The third key property of BF bursting neurons is that the strength of the BF motivational salience signal is quantitatively coupled with faster and more precise decision speeds. To determine the quantitative relationship between the BF salience signal and decision speed, Avila and Lin (2014a) investigated whether the BF bursting amplitude is capable of influencing the earliest read out of behavioral responses to the CS using the metric of simple reaction time (RT). In a reward-biased simple RT task, the motivational salience of two auditory cues was manipulated by the magnitude of associated rewards. The cue that predicted a large reward elicited faster RTs and stronger BF bursting amplitudes and importantly, the magnitude of RT modulation was quantitatively accounted for by the modulation of BF bursting amplitudes (Figure 4C; Avila and Lin, 2014a). The relationship between the BF bursting response and RT was found to be causal, as augmenting the strength of the BF bursting response with BF electrical simulation increased decision speed (Avila and Lin, 2014a). These findings suggest that the BF bursting response may serve as a gain modulation signal of the decision making process to enhance the speed of responding to motivationally salient cues.
The fourth key property is that the BF bursting response enhances cortical processing at least in part by generating an event-related potential (ERP) response in the frontal cortex (Figure 4D; Nguyen and Lin, 2014). To better understand how the BF motivational salience signal modulates downstream cortical processing, Nguyen and Lin (2014) studied the relationship between the BF bursting response and the ERP response in the frontal cortex using an auditory oddball task (Figure 4D). The amplitude and timing of BF bursting and the prominent frontal ERP response were tightly coupled with each other (Figure 4D), and such coupling was observed on a trial-by-trial basis (Nguyen and Lin, 2014). Furthermore, the frontal ERP response was associated with local field potential (LFP) responses localized to deep cortical layers of the frontal cortex, coincident with the target layers of BF projections (Henny and Jones, 2008). Such layer-specific LFP response patterns are also recreated by BF electrical stimulation with a delay of 5–10 ms (Nguyen and Lin, 2014), consistent with the conduction delay from the BF to the frontal cortex (Aston-Jones et al., 1985; Reiner et al., 1987). These observations suggest that the frontal ERP/LFP response likely represents the first step by which the BF motivational salience signal enhances cortical processing of a perceived stimulus to facilitate correct behavioral responses.
Section 5: Hypothesis
Based on studies reviewed above, we propose a unifying hypothesis that the BF salience-encoding neurons serve as a signal amplifying, or gain-modulation, mechanism for motivationally salient cues (Figure 5A). The hypothesis includes three key components: (1) A unique population of putative non-cholinergic BF neurons encodes the motivational salience of stimuli with a phasic bursting response (Lin et al., 2006; Lin and Nicolelis, 2008); (2) The BF motivational salience signal is rapidly broadcasted to the cerebral cortex to enhance cortical processing (Nguyen and Lin, 2014); and (3) This modulation results in faster and more precise decision speed (Avila and Lin, 2014a).

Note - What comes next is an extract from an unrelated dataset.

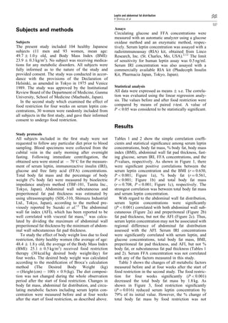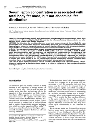 This study investigates the relationship between serum leptin concentrations and body fat parameters in 104 healthy Japanese subjects. Results show that serum leptin is significantly correlated with total body fat mass, body fat percentage, and BMI, but not with abdominal fat distribution. A four-week food restriction reduced both serum leptin levels and body fat mass, although the percentage change in leptin did not correlate with the change in body fat.

This hypothesis addresses a fundamental question in neuroscience: how the brain filters meaningful from meaningless stimuli to execute responses only to stimuli that are behaviorally relevant. Animals are constantly faced with a barrage of incoming sensory stimuli; however, most of the stimuli are not motivationally salient, do not carry any behavioral consequence, and need not be responded to. For the subset of stimuli that are motivationally salient, which may or may not be perceptually salient, the brain must require an internal gain modulation mechanism to amplify their processing and ensure correct and efficient behavioral responses. Such is the main behavioral function of this unique population of non-cholinergic BF bursting neurons, to serve as a fast and powerful gain modulation mechanism to facilitate behavioral responses to environmental stimuli, and that operates based on the motivational, but not perceptual, salience of the stimuli.

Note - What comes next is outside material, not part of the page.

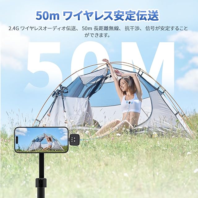 【小型で持ち運びに便利】僅か11gの超軽量ワイヤレスマイクで、長時間装着時の疲労を軽減でき、片手で簡単且つ安定に取り付けられます。更に、持ち運ぶ時の充電ケースについてもコンパクトでポケットに収まることができます。配信や収録に両手も解放されて録音でき、室内でも屋外でも使えるワイヤレスピンマイクセットです。

This gain-modulation hypothesis can also be conceptualized in a decision model (Figure 5B). Simple decision making processes have been commonly modeled as activity accumulation in a hypothetical decision unit, such as the drift-diffusion model or the linear rise to threshold model (Ratcliff and Rouder, 1998; Reddi and Carpenter, 2000; Ratcliff, 2001). Once the activity of this decision unit reaches a threshold, a decision is made and a behavioral response, such as the RT response, is observed. The studies reviewed here suggest that BF bursting response serves as a gain modulation signal that modulates the rate of activity accumulation in the decision unit. A stronger BF bursting response—such as that generated in response to a stimulus with high motivational salience—increases the rate of activity accumulation, and in turn, increases decision speed and generates a faster RT distribution. Data collected by Lin and colleagues support this hypothesis (Figure 5B): stimuli with greater motivational salience produce stronger bursting responses in putative non-cholinergic BF neurons (Lin and Nicolelis, 2008), that in turn enhances activity within cortical networks (Lin et al., 2006; Nguyen and Lin, 2014), and increases the speed and precision of decision making (Avila and Lin, 2014a). On the other hand, the absence of BF bursting in the near-threshold auditory detection task is coupled with the absence of a behavioral response, and likely reflects a lack of internal amplification, such that activity in the decision unit never reaches the decision threshold (Lin and Nicolelis, 2008).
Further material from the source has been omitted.